姉の分まで

碧のスマートフォンに父から電話が来たのは、残業帰りのホームだった。

父からの着信は八か月ぶりで、用件はいつも真白のことだった。

「今度の日曜、顔を出せないか」

「何かあった?」

「母さんの誕生日だ。真白は忙しいらしいから、おまえが姉の分まで――」

電車が入ってくる音で、続きは聞こえなかった。

碧は一本見送り、黄色い線の内側へ下がった。

真白は碧より四歳上だ。けれど父は、真白が家を出てから、碧に「姉の分まで」と言うようになった。母の通院も、法事の受付も、壊れた炊飯器の注文も。頼りになるのはおまえだ、と褒める形で穴を埋めさせた。

「真白には、父さんが直接聞いたの?」

「おまえから言えば早いだろう。姉妹なんだから」

「私は連絡係じゃないよ」

「そんな冷たいことを言うな。真白と違って、おまえは家族思いだと思ってた」

褒め言葉の刃は、昔から同じ角度で入ってくる。

碧はホームの柱にもたれた。広告の中の家族が、同じ白い歯を見せている。

「日曜は行かない」

「仕事か」

「予定はない。でも行かない」

父の沈黙が長くなる。

「真白みたいになるぞ」

「ならない。私は碧だから」

向こうで母の声がした。誰と電話しているの、と聞いている。

父は受話口を手でふさいだらしく、音が遠くなった。その数秒の間に、碧は通話を切ることもできた。けれど、戻ってきた父に一つだけ伝えた。

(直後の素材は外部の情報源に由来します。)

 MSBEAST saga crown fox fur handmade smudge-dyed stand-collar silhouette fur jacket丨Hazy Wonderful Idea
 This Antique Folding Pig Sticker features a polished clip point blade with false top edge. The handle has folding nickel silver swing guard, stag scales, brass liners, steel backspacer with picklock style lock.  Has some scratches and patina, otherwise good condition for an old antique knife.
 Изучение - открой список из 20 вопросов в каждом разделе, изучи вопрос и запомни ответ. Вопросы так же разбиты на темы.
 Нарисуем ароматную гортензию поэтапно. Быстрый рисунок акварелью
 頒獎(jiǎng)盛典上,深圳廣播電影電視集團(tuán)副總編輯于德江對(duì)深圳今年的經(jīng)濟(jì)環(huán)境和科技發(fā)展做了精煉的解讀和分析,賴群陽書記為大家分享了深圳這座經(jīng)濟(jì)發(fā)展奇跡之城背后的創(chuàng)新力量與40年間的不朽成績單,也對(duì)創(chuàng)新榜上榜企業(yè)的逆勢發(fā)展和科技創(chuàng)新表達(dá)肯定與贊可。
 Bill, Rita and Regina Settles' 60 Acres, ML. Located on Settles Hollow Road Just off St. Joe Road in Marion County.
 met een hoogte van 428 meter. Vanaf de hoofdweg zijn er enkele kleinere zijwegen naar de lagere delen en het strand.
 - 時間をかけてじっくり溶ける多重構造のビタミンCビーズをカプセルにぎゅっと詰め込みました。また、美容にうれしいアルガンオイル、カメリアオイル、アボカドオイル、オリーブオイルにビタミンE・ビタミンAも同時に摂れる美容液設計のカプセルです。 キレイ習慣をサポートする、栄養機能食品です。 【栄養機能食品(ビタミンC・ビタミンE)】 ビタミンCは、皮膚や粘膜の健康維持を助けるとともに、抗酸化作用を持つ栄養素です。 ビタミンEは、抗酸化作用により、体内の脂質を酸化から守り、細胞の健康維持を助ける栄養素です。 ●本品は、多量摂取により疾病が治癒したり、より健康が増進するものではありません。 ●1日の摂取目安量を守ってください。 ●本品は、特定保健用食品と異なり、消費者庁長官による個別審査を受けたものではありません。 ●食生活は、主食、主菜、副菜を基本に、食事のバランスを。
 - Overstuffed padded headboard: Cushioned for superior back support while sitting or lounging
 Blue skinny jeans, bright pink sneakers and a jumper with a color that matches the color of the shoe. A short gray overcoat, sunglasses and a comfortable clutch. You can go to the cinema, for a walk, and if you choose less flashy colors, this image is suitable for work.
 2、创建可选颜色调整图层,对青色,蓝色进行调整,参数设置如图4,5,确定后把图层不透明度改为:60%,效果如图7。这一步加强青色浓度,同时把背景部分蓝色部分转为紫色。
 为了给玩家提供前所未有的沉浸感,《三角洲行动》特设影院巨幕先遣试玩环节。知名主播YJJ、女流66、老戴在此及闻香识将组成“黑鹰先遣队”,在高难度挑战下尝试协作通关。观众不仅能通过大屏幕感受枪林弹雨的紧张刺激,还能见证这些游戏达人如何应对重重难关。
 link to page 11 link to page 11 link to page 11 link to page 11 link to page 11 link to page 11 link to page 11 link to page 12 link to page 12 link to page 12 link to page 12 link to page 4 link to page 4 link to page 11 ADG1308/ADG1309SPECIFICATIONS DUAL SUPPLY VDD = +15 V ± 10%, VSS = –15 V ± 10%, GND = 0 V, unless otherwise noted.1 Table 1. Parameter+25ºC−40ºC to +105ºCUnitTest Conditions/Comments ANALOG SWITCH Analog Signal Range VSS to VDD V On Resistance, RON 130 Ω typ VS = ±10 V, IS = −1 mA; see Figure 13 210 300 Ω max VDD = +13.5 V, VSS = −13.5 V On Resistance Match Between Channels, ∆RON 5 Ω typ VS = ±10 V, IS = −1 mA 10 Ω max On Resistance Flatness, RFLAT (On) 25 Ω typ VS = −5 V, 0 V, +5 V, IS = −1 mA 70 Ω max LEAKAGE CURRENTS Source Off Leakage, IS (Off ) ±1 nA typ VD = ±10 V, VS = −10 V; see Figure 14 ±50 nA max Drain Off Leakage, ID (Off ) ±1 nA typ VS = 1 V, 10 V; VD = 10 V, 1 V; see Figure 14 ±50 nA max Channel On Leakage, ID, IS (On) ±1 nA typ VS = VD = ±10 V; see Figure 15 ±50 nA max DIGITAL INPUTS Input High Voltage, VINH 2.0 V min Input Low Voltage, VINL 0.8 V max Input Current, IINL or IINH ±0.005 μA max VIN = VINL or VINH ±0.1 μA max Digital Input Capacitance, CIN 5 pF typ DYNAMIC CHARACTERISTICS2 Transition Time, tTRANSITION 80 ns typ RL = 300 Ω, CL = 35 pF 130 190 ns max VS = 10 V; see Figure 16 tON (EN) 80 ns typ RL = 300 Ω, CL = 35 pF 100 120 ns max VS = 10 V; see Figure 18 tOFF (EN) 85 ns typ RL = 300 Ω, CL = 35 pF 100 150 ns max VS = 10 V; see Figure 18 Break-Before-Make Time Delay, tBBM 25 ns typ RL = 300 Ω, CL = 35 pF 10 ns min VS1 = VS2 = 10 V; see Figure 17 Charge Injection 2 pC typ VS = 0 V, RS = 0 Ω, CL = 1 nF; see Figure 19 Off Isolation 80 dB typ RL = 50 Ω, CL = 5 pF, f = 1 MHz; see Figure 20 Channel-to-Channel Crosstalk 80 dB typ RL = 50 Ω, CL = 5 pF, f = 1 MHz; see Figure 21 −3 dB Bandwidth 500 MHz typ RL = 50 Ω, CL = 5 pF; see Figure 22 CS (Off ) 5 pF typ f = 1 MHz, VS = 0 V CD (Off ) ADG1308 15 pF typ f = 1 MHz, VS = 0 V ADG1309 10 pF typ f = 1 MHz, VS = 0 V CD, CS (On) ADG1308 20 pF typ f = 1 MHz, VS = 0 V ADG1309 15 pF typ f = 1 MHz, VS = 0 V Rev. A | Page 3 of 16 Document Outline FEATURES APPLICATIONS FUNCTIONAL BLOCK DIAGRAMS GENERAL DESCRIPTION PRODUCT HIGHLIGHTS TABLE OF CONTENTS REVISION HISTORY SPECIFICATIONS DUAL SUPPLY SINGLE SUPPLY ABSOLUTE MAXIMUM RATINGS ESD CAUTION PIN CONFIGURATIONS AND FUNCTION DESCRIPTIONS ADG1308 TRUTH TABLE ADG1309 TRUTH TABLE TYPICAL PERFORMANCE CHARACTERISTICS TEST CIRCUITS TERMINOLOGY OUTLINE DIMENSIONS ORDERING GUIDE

「誕生日を祝ってほしいなら、私に私の分を頼んで。真白の返事は真白に聞いて」

「家族にいちいち、そんな――」

「次に『姉の分まで』って言ったら、電話を切るね」

宣言すると、胸の奥に空席ができた。寂しい空席ではなく、自分が座れる場所だった。

父は「分かった」とは言わなかった。「面倒な娘だ」と小さく言った。

碧はそれを合図に通話を終えた。

すぐに真白へメッセージを送る。

〈父さんから誕生日の件、連絡来た?〉

返事は一分後だった。

〈来てない。碧に押しつけた?〉

碧は少し迷い、〈うん。でも返した〉と打った。

真白から、親指を立てた猫のスタンプが届く。姉らしい言葉も、謝罪もなかった。その軽さに救われた。

次の電車が来る。

碧は乗り込み、父の連絡先に付けていた「実家・真白関係」というメモを消した。

表示に残ったのは、ただ「父」だけだった。